The ground flour is taken care of In a bag by Molenaar Jesse in ‘t Veld.
Photo Bram Petraeus
Again part van de Molen.
Photo Bram Petraeus

Thin through the pants

Always an eye to the sky, says Cornelis Dekker in Puttershoek. His ‘own’ mill, De Windlust in Goudswaard, is from 1694 and the oldest in the region. “Before you start sailing, you always think: what do the clouds say, what does the barometer do? And then it can change in five minutes. “

If you are too late with a rapid change in the wind direction, the mill can suddenly start running the other way around and the ‘catch’ – a kind of drum brake in the hood – no longer works. “You have to control the mill, not the other way around,” says Wim van der Giesen, miller of the Good Hope in Mijnsheerenland. “You have to learn that, and the best learning school is that it went thin at least once thinly.”

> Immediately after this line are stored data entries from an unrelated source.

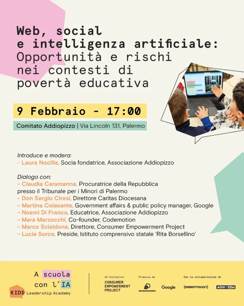 Il Comitato Addiopizzo, il 9 febbraio 2026 alle ore 17, ospita il confronto “Web, social e intelligenza artificiale: opportunità e rischi nei contesti di povertà educativa”, nell’ambito dell’iniziativa “A scuola con l’IA – Kids Leadership Academy”.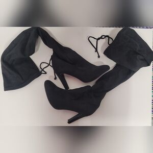 NY&Co Tall Black Suede Feel (man made) Boots Pull On With Top Drawstring 8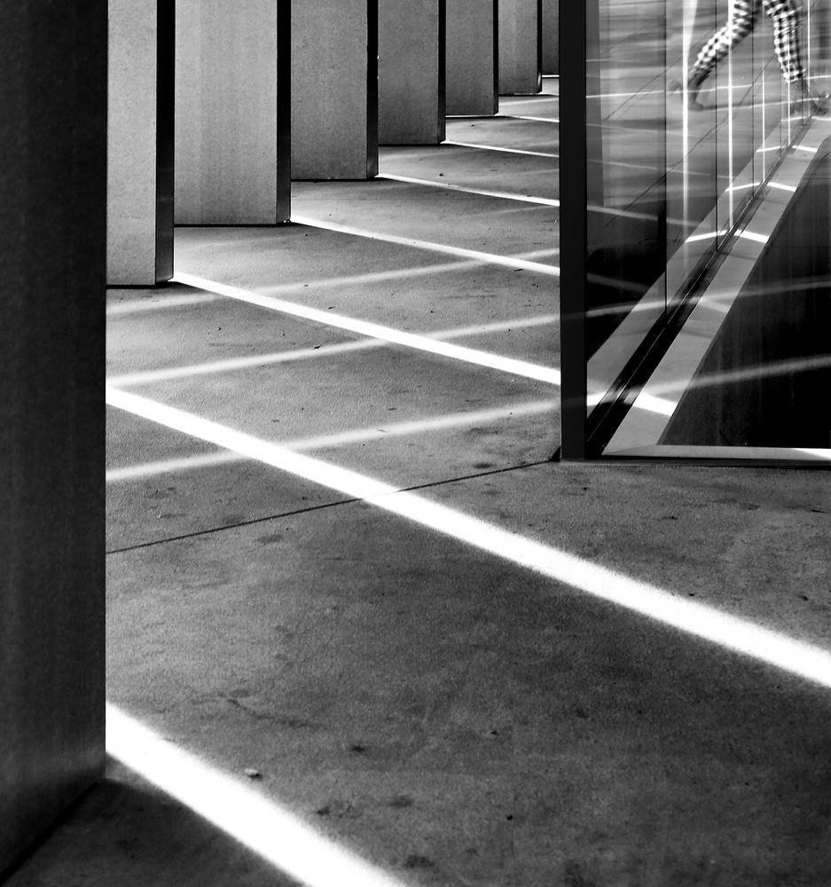 Shadow shapes seen as polygons or lines have visual weight not only because of the shape itself but because of the tone. Black as well as white shapes are heavier than grey shapes (the more neutral grey they are the less they weight); round shapes (wheels shapes for example) are more instable than polygonal shapes but less aggressive, but spheres, on the other hand, are more dynamic than those polygon shapes. Line shadows make connections with polygon shapes (real or other polygon shadows) in the frame and we may want or not want those connections in the frame. Frequently also, shadows are a subdued element of the composition, in street shooting for example the shadow of a person may have great use for a mysterious mood for leaving questions to the viewer, but the way those shadows are represented (short shadow, long shadow, diagonal, vertical or horizontal shadow) and understanding how those different shadow positions influence the mood of the picture is very important to achieve a successful image.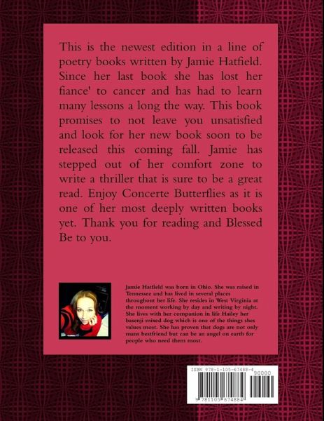 This is the fifth book written by author Jamie Hatfield. This book is one of her most deeply written books which was started after the death of her fiance' Sean to cancer. This one will not leave you unsatisfied. Part of the revenues earned on this book will be donated to CASA which is an organiztion dedicated to helping children who have been abused, neglected and abandoned.Regardless please check them out. http://www.casahelpskids.org/main.asp?id=37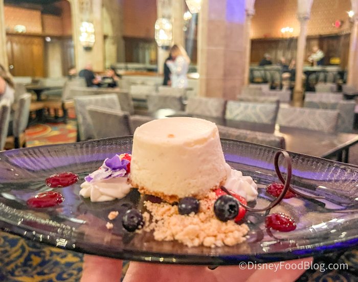 Oh, look, another Disney World mousse. Complaints aside, we did enjoy the mousse and loved the addition of the praline center, but at the end of the day it’s a mousse you’re getting at the end of an $80 per person dinner. The hazelnut gelato was our favorite part, and we wished we could get an even bigger portion of this instead!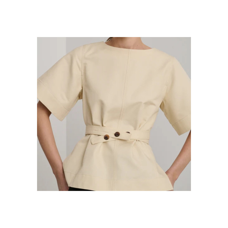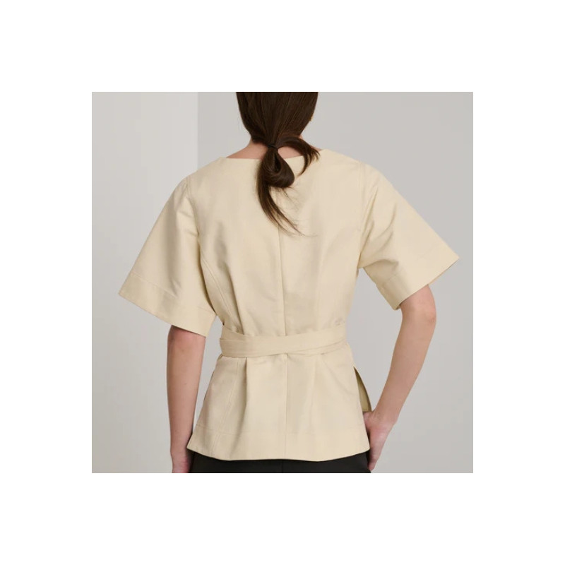 La blouse Emmie de Soeur, c'est le parfait équilibre entre minimalisme chic et détails travaillés. Avec sa coupe ceinturée et sa toile en coton double, elle est idéale pour apporter une touche sophistiquée à vos tenues du quotidien.
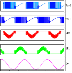 图(5)电感L1和开关管S1的DS两端及输出波形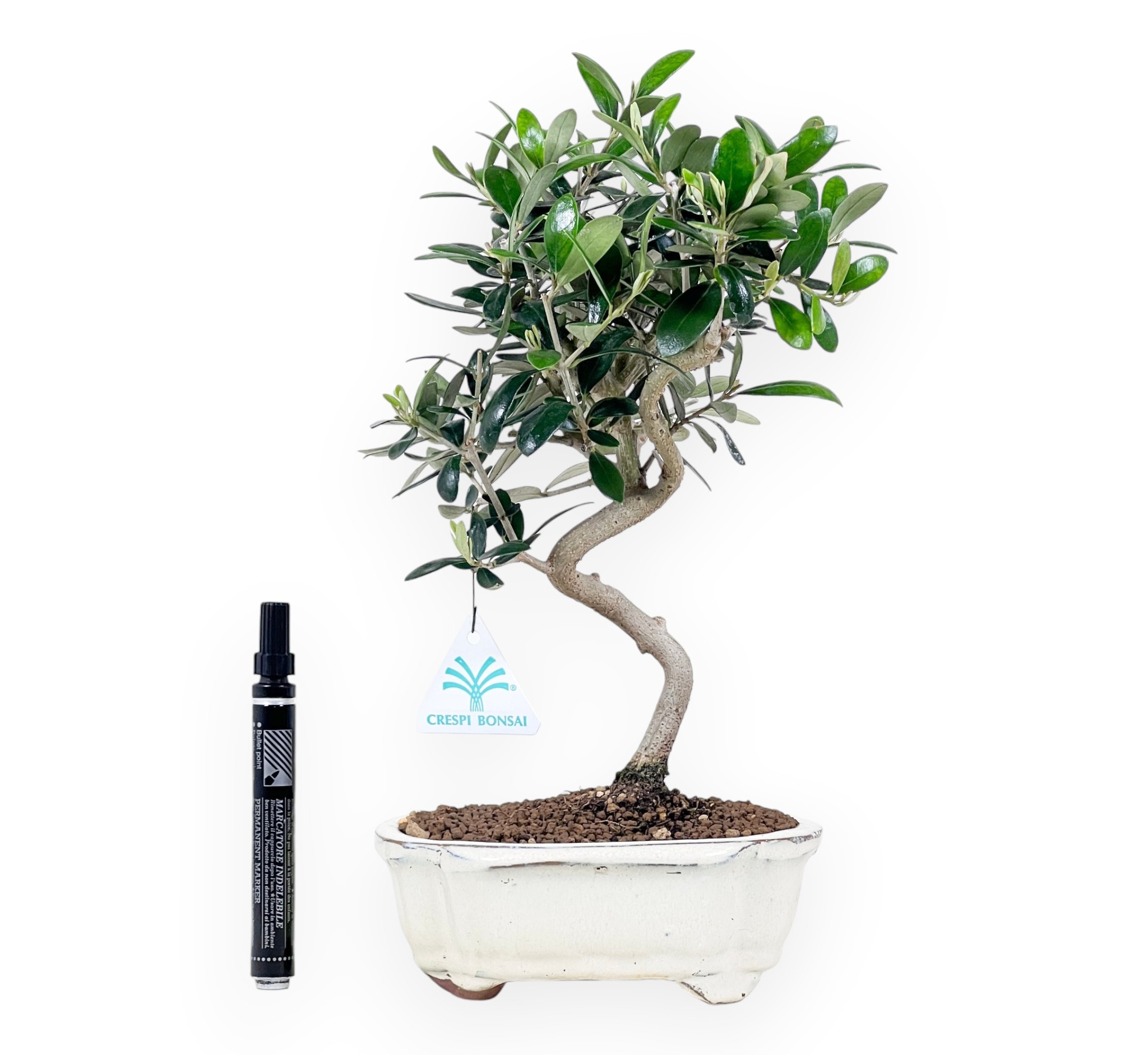 Le bonsaï d'Olea europaea (olivier) est une plante à feuilles persistantes au charme méditerranéen, appréciée pour son feuillage coriace vert foncé aux reflets argentés et son port élégant et harmonieux. Au printemps, il peut présenter une délicate floraison blanche, parfois suivie de la production de petites olives ornementales. Cet exemplaire se distingue par son tronc élancé au mouvement sinueux en forme de S, qui lui confère dynamisme et légèreté. Le feuillage compact et bien proportionné est soigneusement structuré par des branches équilibrées qui rehaussent la ligne du tronc et créent un ensemble raffiné et naturel. Cultivé dans un pot nuage en grès émaillé de couleur crème, il met en valeur l'élégance de la plante et souligne le contraste entre l'écorce claire et le feuillage brillant.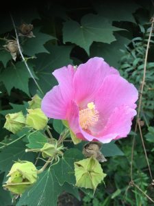 散歩の途中の市民センターに咲いていた「芙蓉(フヨウ)」の花。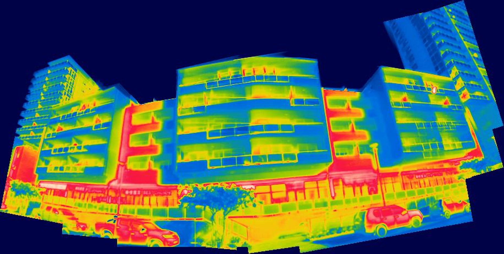 Some materials and surfaces radiate much more heat (red areas) than others, as can be seen in this thermal image of Arncliffe Street in Wolli Creek, Sydney.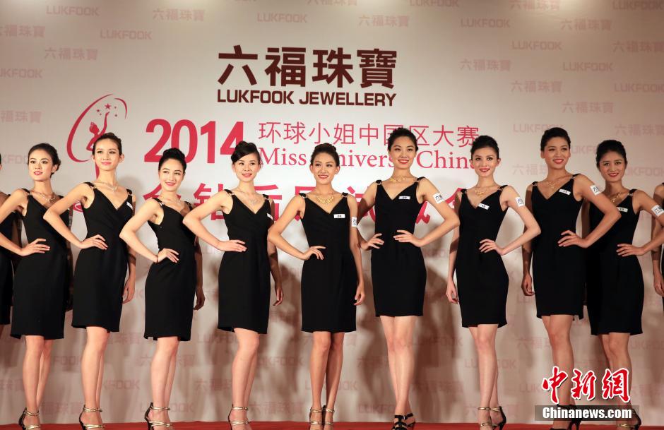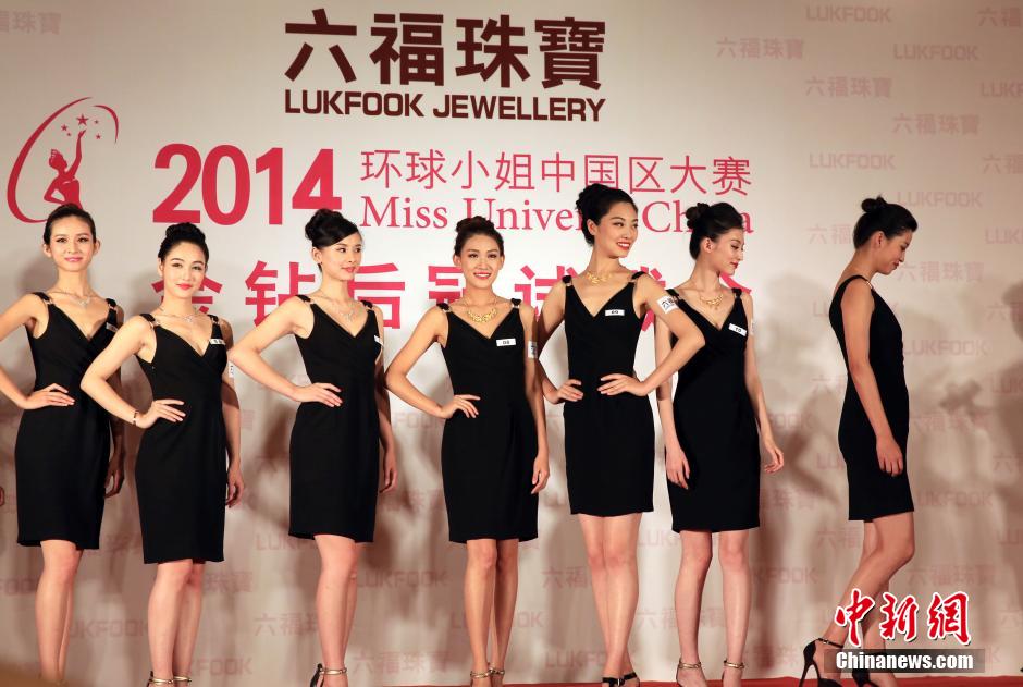 9月3日,2014中国区环球小姐15强亮相上海金钻后冠试戴会,佳丽们以精彩绝伦的首饰示范表演,角逐“最佳首饰演绎”殊荣。现场,2013年环球小姐中国区大赛冠军靳烨和环球小姐中国区总裁靳羽西,共同为佳丽加米拉(左三)戴上价值350万元的璀璨后冠。 中新社发 潘索菲 摄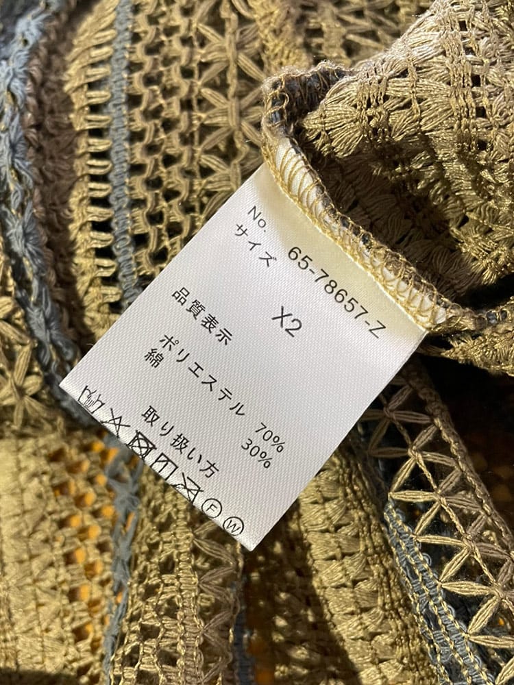 商品についている下げ札(タグ)に身長や胸囲などのサイズが記載されたものがございますが、そちらは「対応ヌードサイズ表記」となります。当店の商品ページに記載しております商品そのものを採寸した【実寸サイズ表記(仕上がり寸法】とは異なる表記となりますので、ご注意ください。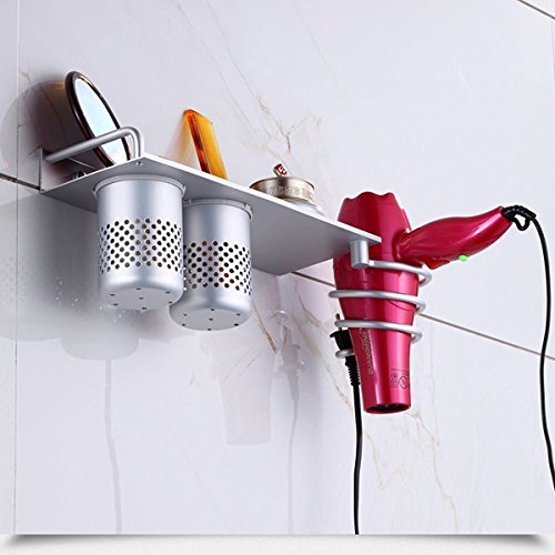 Youbedo Portable Spiral Hair Blow Dryer Stand Flat Holder Hair Dryer Hanging Rack Organizer with 2 Cups -Space Aluminum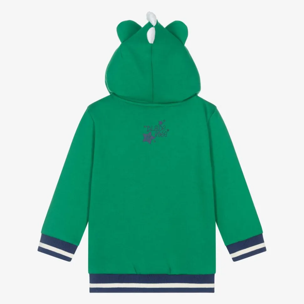 From Blade and Rose, cute green zip-up top for little boys and girls made in cotton jersey. For fuss-free dressing it fastens with a zip on the front and has ribbed trims for added comfort. The hood is lined with super soft fleece and finished with a dinosaur face with 3D spikes ideal for playing make-believe as Maple the dino.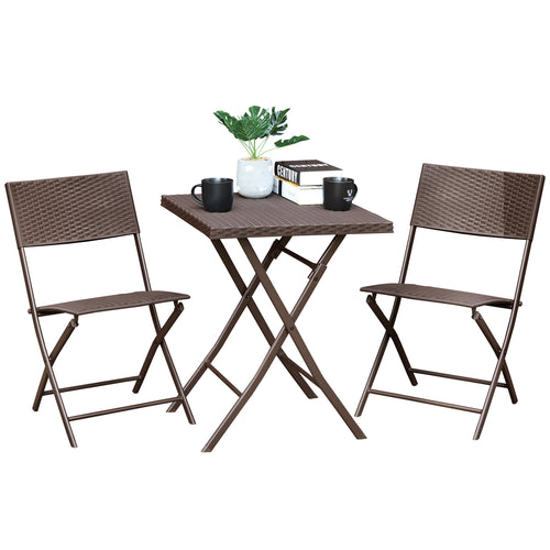 3 piece Wicker Bistro Set, Foldable One Table and Two Chairs for Garden, Yard, Porch, PoolsideW1041100013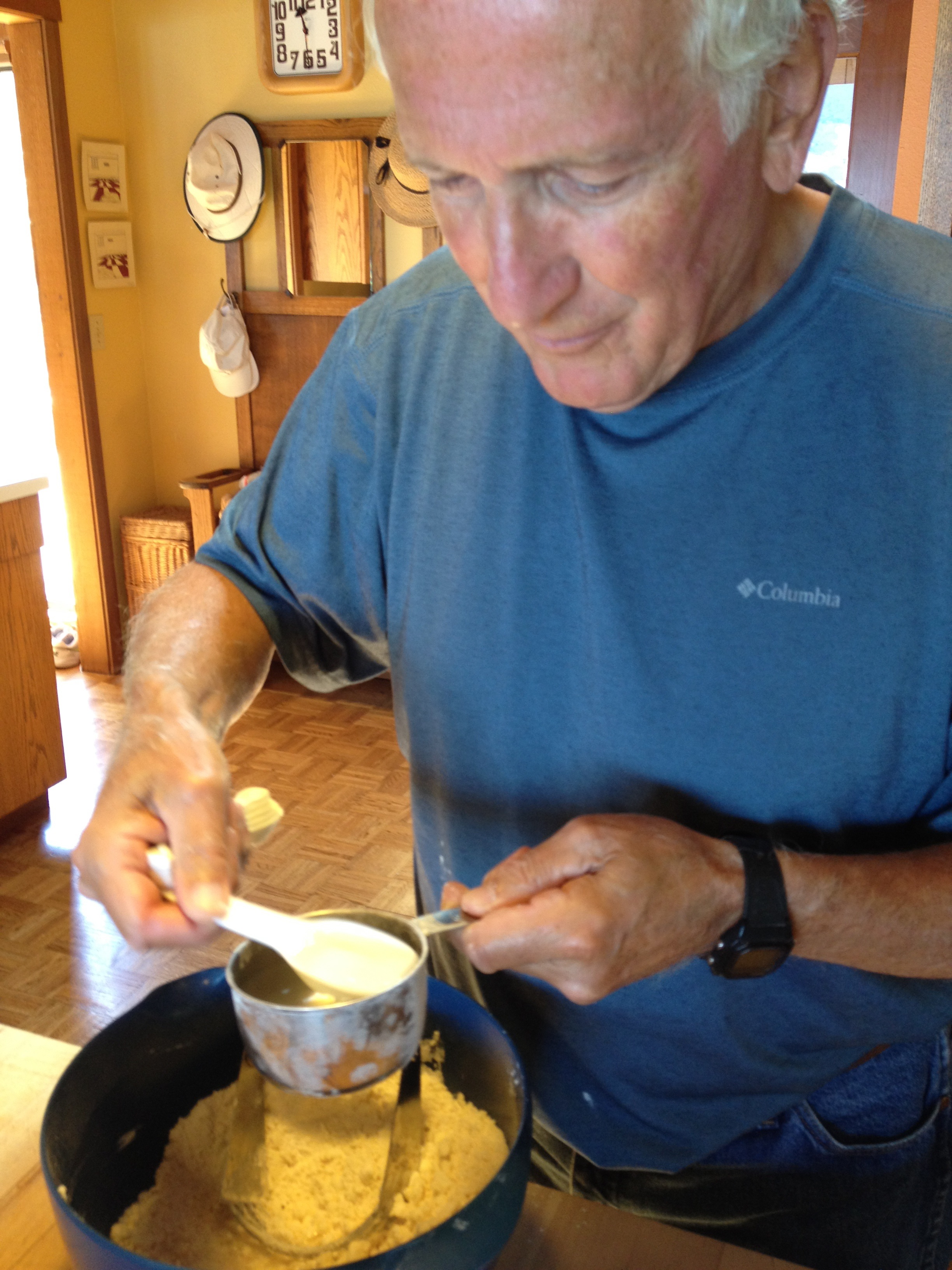 Dad picking pie-perfect Cascade berries  from his backyard garden.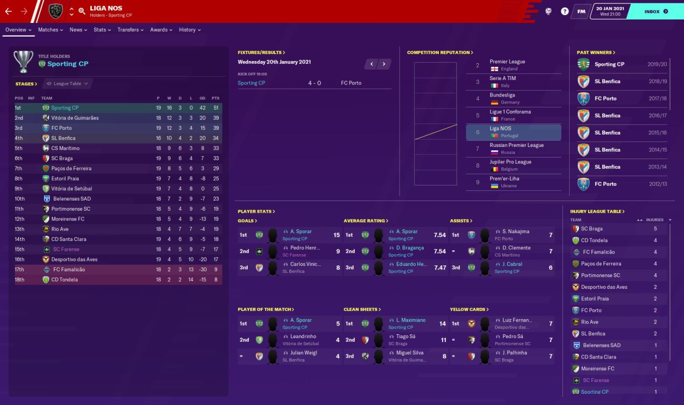 Having established a commanding lead at the top of Primeira Liga, Sporting Lisbon faced two January battles with SC Braga and FC Porto then looked ahead to a Champions League clash with Real Madrid.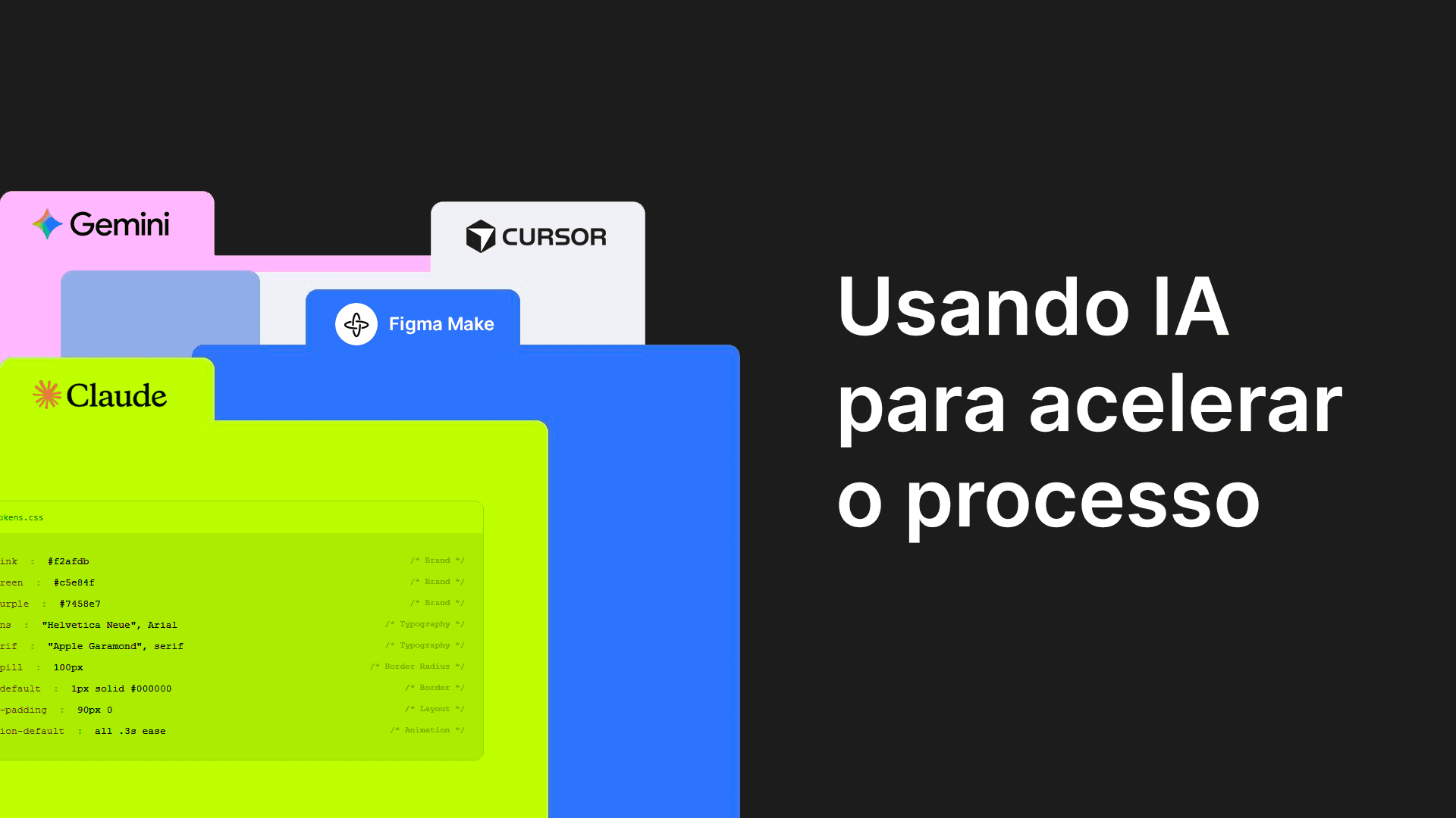 O processo foi iterativo: eu definia a direção, revisava os resultados via screenshots capturados em tempo real, e a execução acontecia na sequência. O Figma Make entrou para acelerar partes da estrutura visual, complementando o fluxo de trabalho. Decisões de estrutura do sistema, revisão visual de cada etapa, refinamentos manuais e toda a curadoria do que entrava ou não no DS. A IA acelerou a execução seguindo meu raciocínio.

All wheat that the lily processes is brought from Zeeland and brought to the mill by sailing cargo ship – the Tjalk Vrijbuiter – from Zeeland. None, or not just a tourist gimmick, but “a serious attempt to breathe new life into a fossiless chain of crafts,” says in ‘t Veld. He received a heritage prize for it last year. In a world where everything comes from far and everything has to be ‘now’, his mill is a resting point. And of course it helps that none of the new millers only have to live off the wind.

The last wheat has run through the grinding stones. In ‘t Veld, the blades stop, in the’ Little Rest ‘stand (Straight Cross). There is also a ‘great peace’ (Andreaskruis). But tomorrow he has to turn again.

A miniature of a mill In a window frame.
Photo Bram Petraeus

Read also

Why does an old mill have four wicks and a wind turbine only three?